I raced to a phone and called The Fur, Fin & Feather and someone said Chief and Mrs. Pop were at the grocery store. Kroger. I flew there and started up the isles and low and behold, there he was. He saw me coming and knew by the look on my face that something was up.
“What have you done Cofield?” “Chief I’m in big trouble, Hurricane…The Bridge…Buddy Sledge…No Fishing License!” Mrs. Pop, who had gone to New Albany High School with Martha Glenn, smiled at Chief, “Go ahead.” Out the door we went and in 20 minutes I was legal… backdated. I think it was $3. “Cofield, get your ass out of here boy and try to stay out of trouble!”
I threw Chief a 5 and took off for the snake cage. I’d been there 3 minutes listening to that rattler rattle when Buddy’s green truck rolled up.
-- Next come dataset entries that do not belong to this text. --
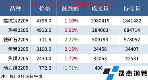 免責聲明:本網站(山東聊城晟杰無縫鋼管廠www.gdqiayu.com)刊載的“2022年02月16日午報:鋼價局部反彈,鋼材_無縫鋼管和焦炭期貨上漲”等均源于網絡,版權歸原作者所有,且僅代表原作者觀點,本文所載信息僅供參考。轉載僅為學習與交流之目的,如無意中侵犯您的合法權益,請及時聯系刪除。本網站刊登此篇文章并不意味著本站贊同其觀點或證實其內容的真實性,我們不對其科學性、嚴肅性等作任何形式的保證。如果侵犯了您的版權,請盡快聯系我們予以撤銷,謝謝合作!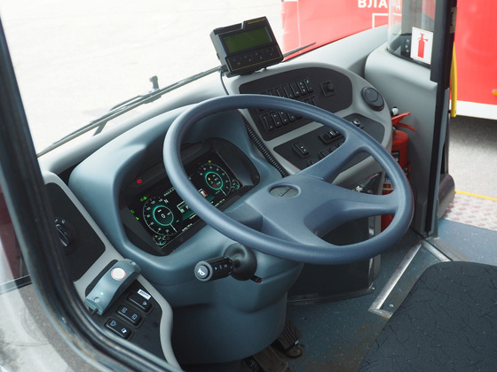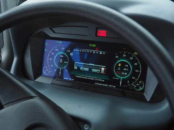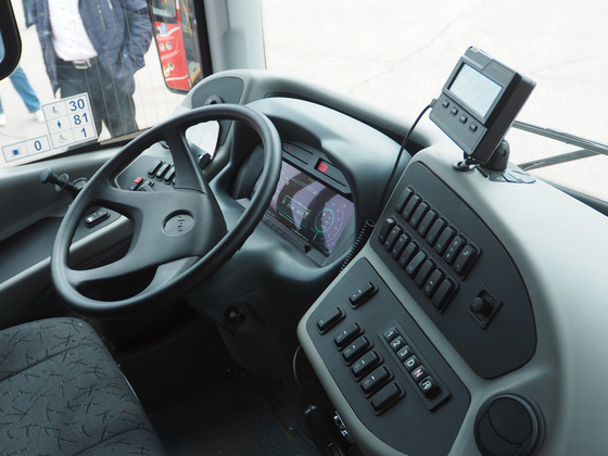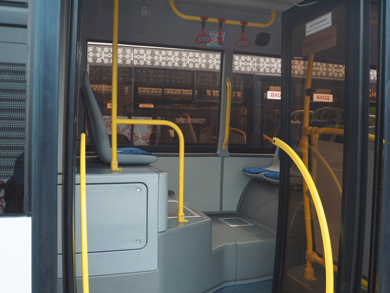 Новый транспорт оснащен современной электронной системой – при открытых дверях, например, автобус тронуться не сможет. Кроме того, специальный браслет в случае плохого самочувствия водителя будет подавать сигнал.
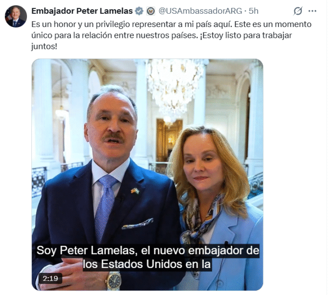 El diplomático publicó un video en sus redes sociales, acompañado por su esposa Stephanie Lamelas. Foto: USAmbassadorARG.

He eased through the lot, never came to a good stop. I held up my proof and he leaned out the window, grinned and said, “Boy you’ll never be the Bream fisherman yo Grandaddy Cofield was.”
—John Cofield
Andy McWilliams
October 3, 2013 at 2:56 pm
Good one. I used to turkey hunt along he Mississippi River with a well known game warden, Hop Birdsong. Hop used to be guide for Coach Johnny Vaught, when he hunted on Mark Ham Island. Hop was a WWII Marine Corps vet who liked to talk about all the action he saw on Guadalcanal. When we’d sneak up on a turkey, he’d call it “Jap walking.” And we’d walk in a kind of low leaning trot. Hop would’ve made a career of being a game warden, except he and a friend got caught hunting on the game reserve. Thanks for posting. It brought back memories.